# Need a Muzzle Recommendation



## Ted White (May 2, 2006)

Hello all,

I'd like a quality muzzle for trips to the vet, as well as some socialization with guests, etc.

Something that fits well and others have liked.

Thanks much!


----------



## Howard Gaines III (Dec 26, 2007)

Ted I don't use one on the dog, for me...can't make one to fit past my big nose!


----------



## Anna Kasho (Jan 16, 2008)

What kind of dog do you need the muzzle for?

I have a nice leather basket-style muzzle that fits my mal through GSD, but I can't find who makes them. It's not reinforced like a muzzle-work type, more lightweight, but similar design, close-spaced square mesh of leather straps. I also have a wire basket muzzle, the type that leerburg sells, for my GSD. Also works well, but the more open design could be a risk if someone accidentaly gets a finger in...

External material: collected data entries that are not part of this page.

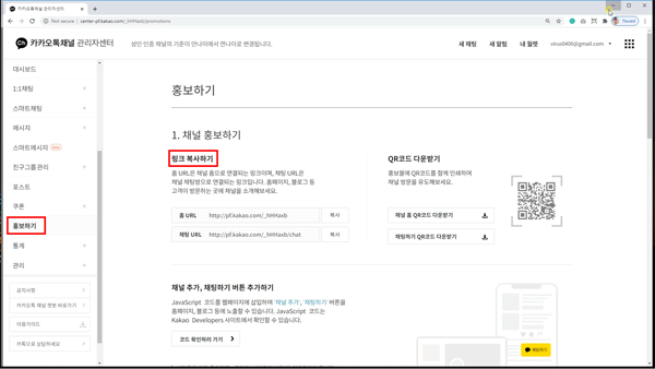 카카오톡채널 관리자센터에 로그인하셔서, 홍보하기 > 링크 복사하기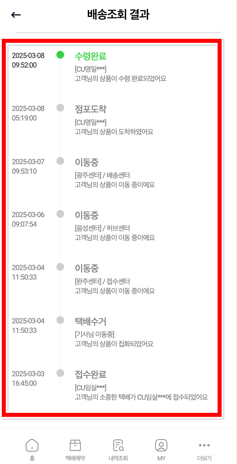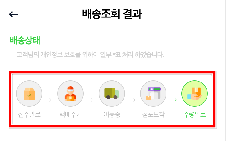 5. 접수 일시부터 현재 위치까지 단계별로 확인할 수 있어 어디쯤 도착했는지 알 수 있습니다. 배송이 완료된 경우에는 정확한 날짜와 시간까지 나와서 확인이 간편합니다.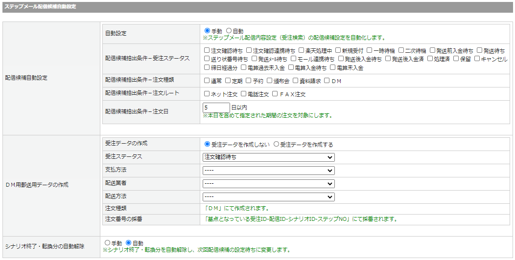 | シナリオ終了・転換分の自動解除 | シナリオ終了・転換分を自動解除し、次回配信候補の設定待ちに変更します。 「手動」「自動」から指定します。 |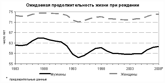 Вследствие снижения смертности населения показатель ожидаемой продолжительности жизни при рождении за 2006–2007 годы вырос у мужчин на 2,5 года, у женщин – на 1,5 лет. Несмотря на то, что сокращение числа умерших в 2008 году по сравнению с 2007 годом составило только 4,5 тыс. человек, ожидаемая продолжительность жизни по предварительной оценке возросла у мужчин до 61,7 лет, у женщин – до 74,2 лет (в 2007 г. – 61,4 и 73,9 соответственно). Это объясняется существенным снижением показателя младенческой смертности. В 2008 г. он составил 8,5 умерших детей в возрасте до 1 года на 1000 родившихся живыми (в 2007 г. – 9,4).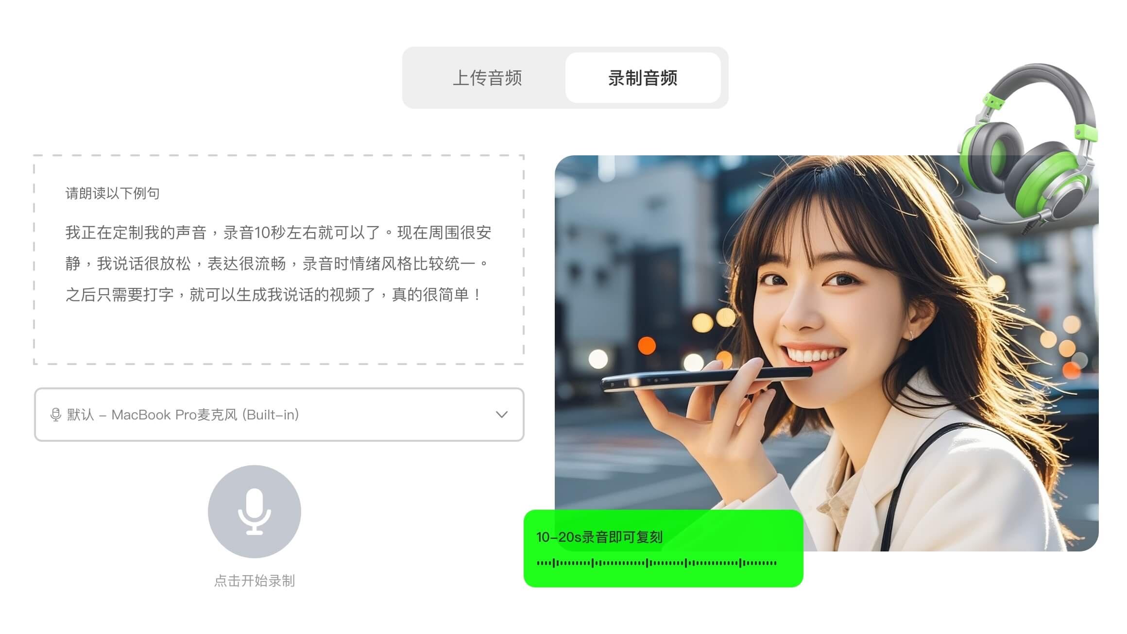 上传10~20s音频,高度还原真人音色特点、说话风格、 口音和声学环境

I also have to ask, why do you need to socialise with guests with a muzzled dog?


----------



## Ted White (May 2, 2006)

I have a GSD. Male.


----------



## Anna Kasho (Jan 16, 2008)

I have this:
http://leerburg.com/704.htm
The dogs tolerate it very easily, it seems quite comfortable.

And the other muzzle is very similar to this design:
http://www.kristalas.com/muzzles/630_643retriever.htm
Although I'm not sure who actually made it, on the one I have the buckles are different and the rivets are brass (rust free)

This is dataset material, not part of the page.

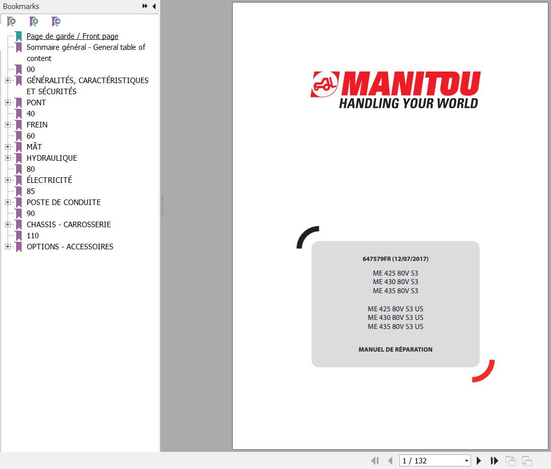 The Bookmarks Of Manitou ME 425 430 435 80V S3 (US) Forklift Repair Manual: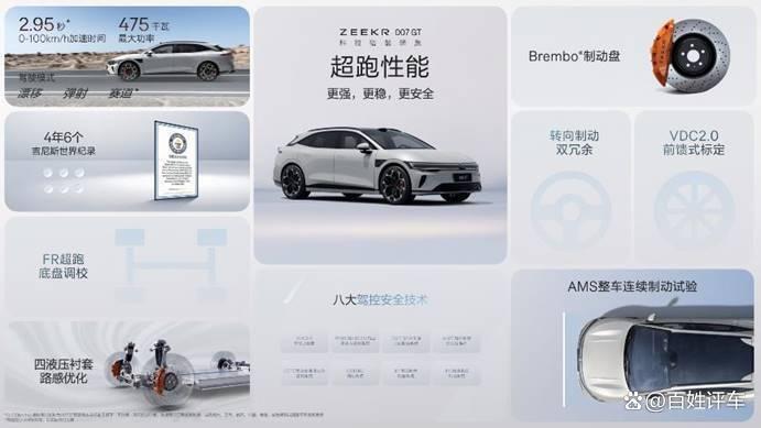 全系标配Brembo大尺寸制动盘,全系标配八大驾驶控制安全技术、双冗余转向制动安全系统,其中,VDC2.0前馈式标定用时18个月,测试里程超500万公里,超200项精细化调校,能利用传感器提前预判车辆失控风险,将干预动作提前到车辆失控之前,保障安全同时不影响驾驶乐趣,让每个驾驶者都拥有一个隐形的驾驶教练。极氪007GT还通过了行业最严苛的AMS整车连续制动试验,连续10次刹停性能无衰减,耐久性和可靠性经受住了极端环境和复杂路况的考验。

Both fit my GSD very well, and are pretty secure.


----------



## Ted White (May 2, 2006)

Thank you Anna,

The wire unit looks good and certainly a better pricepoint. Leerburg makes a distinction between the metal and leather. Seems to contradict himself, but I'm sure that's due to the lack of specifics in the descriptions. 

Thanks again,


----------



## Geoff Empey (Jan 8, 2008)

Ted I've had great luck with Jafco. 

http://www.dogsportgear.com/White_Jafco_Dog_muzzle.htm


----------



## Ted White (May 2, 2006)

Nice. Do you have the optional head strap?


----------



## Geoff Empey (Jan 8, 2008)

Ted White said:


> Nice. Do you have the optional head strap?

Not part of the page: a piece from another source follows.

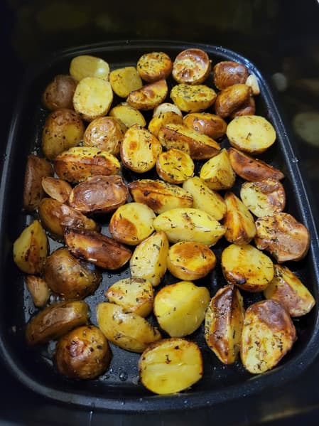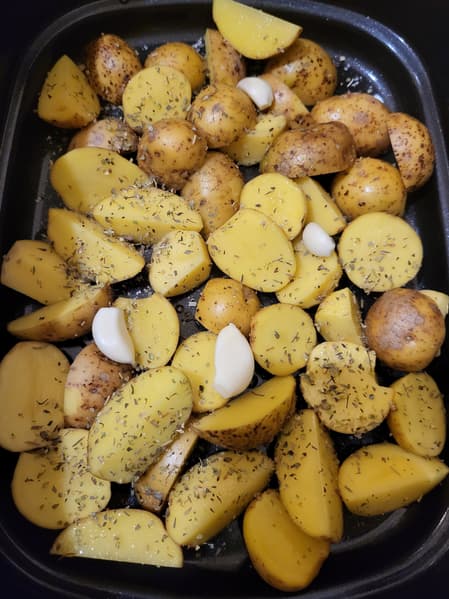 Через 18 минут мясо было готово, а картошка показалась нам еще сыроватой, поэтому мы решили дополнительно отправить ее в гриль на 10 минут на том же режиме. Вытащили продукты из гриля: мясо — потому что оно было готово, а картошку — потому что в этот раз мы не забыли про предварительный разогрев. Когда гриль разогрелся, вернули в него чашу с картофелем.

No. But unless you are doing muzzle fighting or something really extreme IMHO not needed.


----------



## Ted White (May 2, 2006)

Great info. Thanks!


----------



## Geoff Empey (Jan 8, 2008)

The only deal where you are going to have an issue with a Jafco coming off is training issues with it for what you need it for. There is lots of threads here about muzzle conditioning that my friend is more important than what type of muzzle to buy.


----------